I’ve written before about Microsoft’s nostalgia for that era. Each Windows release since then has tried to capture some of that ol’ time OS religion, to steadily diminishing returns. Apple is finally and definitively saying goodbye to all that — and revealing these twentieth-century theatrics for the relic they are. Oh, they’ll make a big deal out of OS X Lion; there will be marketing, commercials, gargantuan enlargements in the windows of Apple retail stores. But there will be no more lines snaking out of those stores, no more giveaway t-shirts and bottles of water handed out to the waiting faithful. Lion is simply a conspicuous stage in an ongoing, iterative process, an inflection point in the otherwise smooth and steady evolution of the Macintosh computing experience. The software itself is a big deal, but acquiring it will not be — in fact, even the time-honored process of installing from physical media seems now a distasteful relic of an earlier age, like handcranking your car to start it.

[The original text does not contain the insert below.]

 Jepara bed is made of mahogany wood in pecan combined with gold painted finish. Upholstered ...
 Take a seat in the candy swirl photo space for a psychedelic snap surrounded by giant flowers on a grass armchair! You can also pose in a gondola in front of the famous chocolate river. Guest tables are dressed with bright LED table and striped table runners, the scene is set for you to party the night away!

So what does this mean for the future of the Mac OS? I don’t mean to be one of those discontented types always looking ahead to the next upgrade. I frankly can’t imagine how the operating system will evolve from here. But I do wonder about OS X’s future as both technology and product. When Mac OS X came out ten tumultuous years ago, Apple touted it as the platform that would grow with the Mac for the next decade or more. That decade is up. Could Mac OS X become obsolete? Short of a revolution in computing that obviated the microchip itself, I’m hard pressed to imagine a scenario in which OS X is not the foundation for every platform Apple ships. I’m no developer, but I think the technological underpinnings are sufficiently abstracted that even a kernel rewrite could be brought off relatively smoothly.

So assume that OS X will be with us, in form if not precisely in name, for the foreseeable future. What of Mac OS X the product? When Windows ruled the computing landscape, operating system upgrades were infrequent, ponderous events, accompanied with massive fanfare, scores of helpful books and magazine articles — an entire ecosystem of media and symbiotic technology. Apple changed that model by releasing OS X upgrades, for a time, every year. Eventually Microsoft got the message: you can’t spend seven years fiddling with your software anymore. Now that Apple has ended the era of the retail software release, what else might it dispense with? Does Mac OS X even need milestone updates? I feel quite certain that Steve Jobs finds it distasteful to even bother his users with something so esoteric as software upgrades. Why should you have to know, or care about, the version of the system software you are running? With an electronic app store, it is a simple matter to tag a potential purchase: “The application you have chosen will not run on your computer as it is presently configured. Click here to upgrade your system software and return to this purchase.”

Apple’s WWDC keynote represented a bold step into a new era of computing: one more decoupled, constantly in flux, yet potentially more liberating than anything we’ve yet seen. It’s impossible to say yet what it all means. But the rules have changed, and the future will become ever trickier to predict.

Not that it will stop any of us from trying.